A few years ago, a gel was invented that can be placed in the inside of the damaged intervertebral disc, subcutaneously with an injection, local anesthesia, and the assistance of the portable X-ray machine (C-arm). Until recently, it was thought that this material acted osmotically by concentrating water molecules in the nucleus pulposus and restructuring its detached parts. This mechanism would consequently decompress the nerve that had been pressed by a herniation. Unfortunately, the actual results of this material in the treatment of large lumbar or cervical herniations have not been encouraging.

It has been observed, though, that in many cases of smaller herniations, as well as in cases of disc degeneration (black disc), there is an impressive improvement in the symptoms (lumbar or neck pain).

MAST Treatment (Modic Antibiotic Spine Therapy)

Two recent European studies (Research Department of the Spine Center of Southern Denmark, University of Southern Denmark, Odense) solved the mystery of why this gel only acted on degenerated discs and smaller herniations and not on larger herniations. Forty-six percent of patients suffering from an intervertebral disc herniation, in the lumbar spine, host an anaerobic microbe within the suffering disc (Propionibacterium acnes) alone (43%) or with a second anaerobic microbe as well (7%).

This anaerobic microbe defines the appearance of the bone marrow edema to a degree (Modic I changes) to the neighboring vertebral bodies. This can be observed in special sequences in the MRI scan. Long-term (lasting 100 days) oral treatment with special antibiotics (MAST treatment: Modic Antibiotic Spine Therapy) lead to a decrease or even complete elimination of chronic symptoms in some patients with specific characteristics.

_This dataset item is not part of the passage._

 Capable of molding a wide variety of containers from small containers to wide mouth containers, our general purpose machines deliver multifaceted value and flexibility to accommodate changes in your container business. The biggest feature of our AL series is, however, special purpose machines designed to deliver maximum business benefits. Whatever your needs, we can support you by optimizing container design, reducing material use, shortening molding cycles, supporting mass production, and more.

Based on the above, it seems that the intradiscal gel is probably effective because of the local antimicrobial action of the included alcohol, despite its osmotic properties. This makes it ideal for the local treatment of chronic pain in the lumbar spine and chronic pain in the cervical spine without nerve root pain in the limbs, because its infusion in the suffering disc “sterilizes” it in a way from all anaerobic microbes.

MAST Treatment and Discoplasty

The combination of these two treatments may increase their effectiveness and lead in the patient’s recovery faster.
The combination of these two treatments (MAST Treatment and Discoplasty) may prevent a heavy operation, such as a spinal fusion on patients with chronic pain in the lumbar spine without sciatica or thigh pain. However, this combination is not indicated, at the moment, for patients with nerve root pain in the foot or in the hand because these cases require surgical decompression, (laminectomy, foraminotomy, etc.) and possibly simultaneous stabilization with spinal fusion.

The application of this treatment should always be performed by a spine surgeon, after a recent MRI scan of the suffering area, because there is a small chance of a gel leak toward the nerve formations and this may cause complications.